И я в своих предположениях на ее счет не ошиблась: мы встретились после войны, она зазвала меня к себе, и первое, что она сделала, — показала вещи, «приобретенные» в блокадное время на рынках…
В довоенном барачном детстве я не удивлялась, когда видела, что ребенок не хочет есть шоколадную конфету — плачет, плюется, а мать его настойчиво хочет скормить ему конфету или яблоко («война» эта происходит в сквере, на скамеечке). Было удивление, но не возмущение с моей стороны, со стороны наблюдателя. Я рассуждала тогда здраво: «Значит, он живет в семье, где достаток, у него, наверно, есть отец… инженер, но никто не виноват, что в моей семье все сложилось иначе…»

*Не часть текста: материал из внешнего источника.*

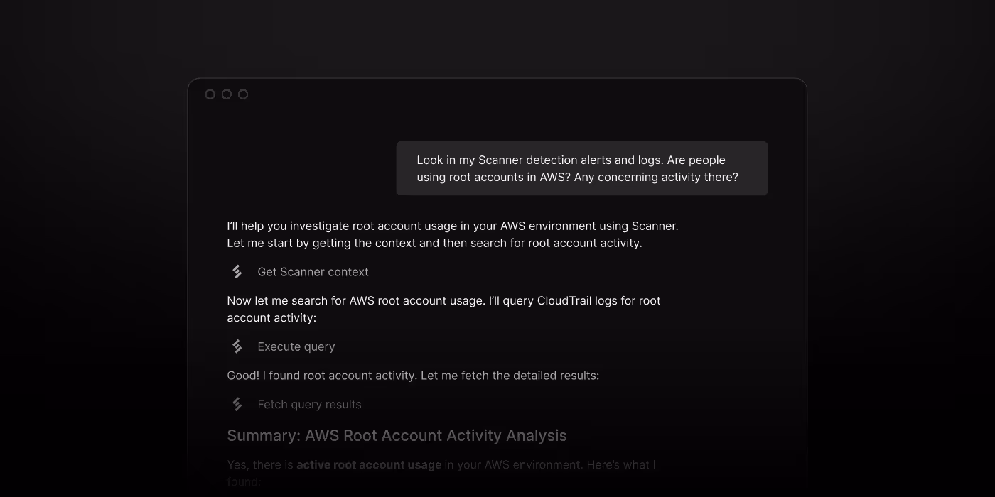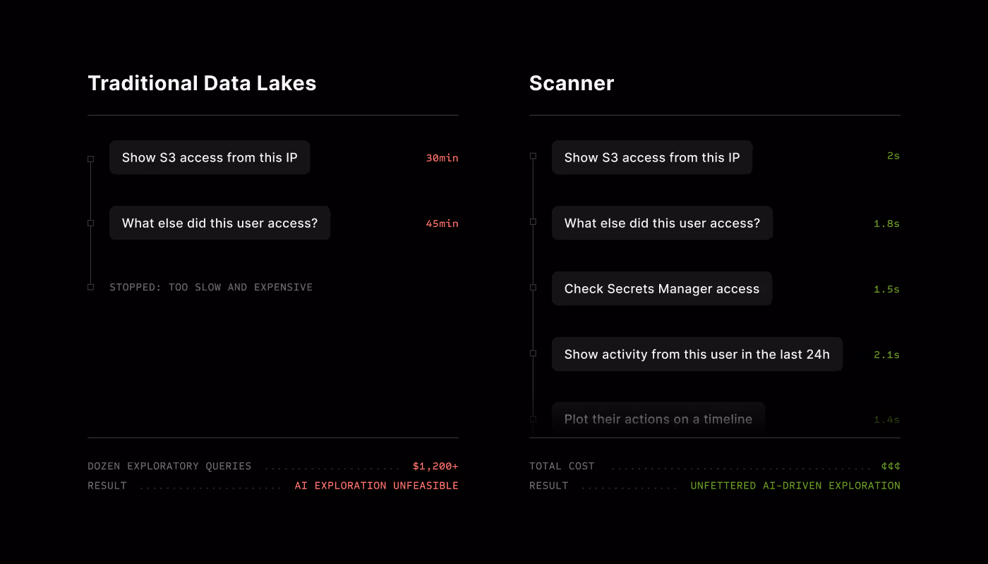 Scanner's sub-second queries let AI agents iterate freely, running 20+ queries in the time traditional systems complete one.

Другое дело — в блокадном Ленинграде. Изверг Гитлер держит в кольце блокады город, и всем одинаково трудно… оказывается, не всем одинаково. Почему? И я ненавижу сытых, здоровых людей блокадного Ленинграда — они не могут быть честными, душевными.

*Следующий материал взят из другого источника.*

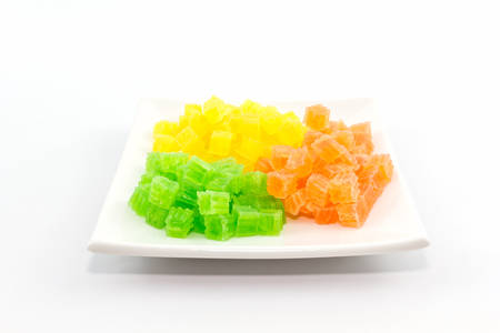 colored candied fruits on a white background.

Заходила к Рае на почту. После долгого молчания на почте зашипело радио — такой же слабый голос, как у всех блокадников.
Лежим с мамой в холодной постели, одетые в пальто. Я давно сплю полусидя. Если лечь — задыхаюсь. Мама уже видит, как я превозмогаю боль и удушье при дыхании. Когда я затихаю, мама ощупывает меня — это не ласка, а желание убедиться, жива ли я…
Мама на работе ежедневно получает суп из дуранды по крупяным талонам.
Мама рассуждает: «Что было бы с Толей, растущим подростком, если бы он не уехал? Где-то он сейчас? Здесь бы он умер… и наш хлеб съедал бы… Ведь человек растет до 20–25 лет… И ты еще растешь — тебе больше соков надо, чем мне, сорокачетырехлетней».
А я про себя думала: «Человек способен очень многое вынести».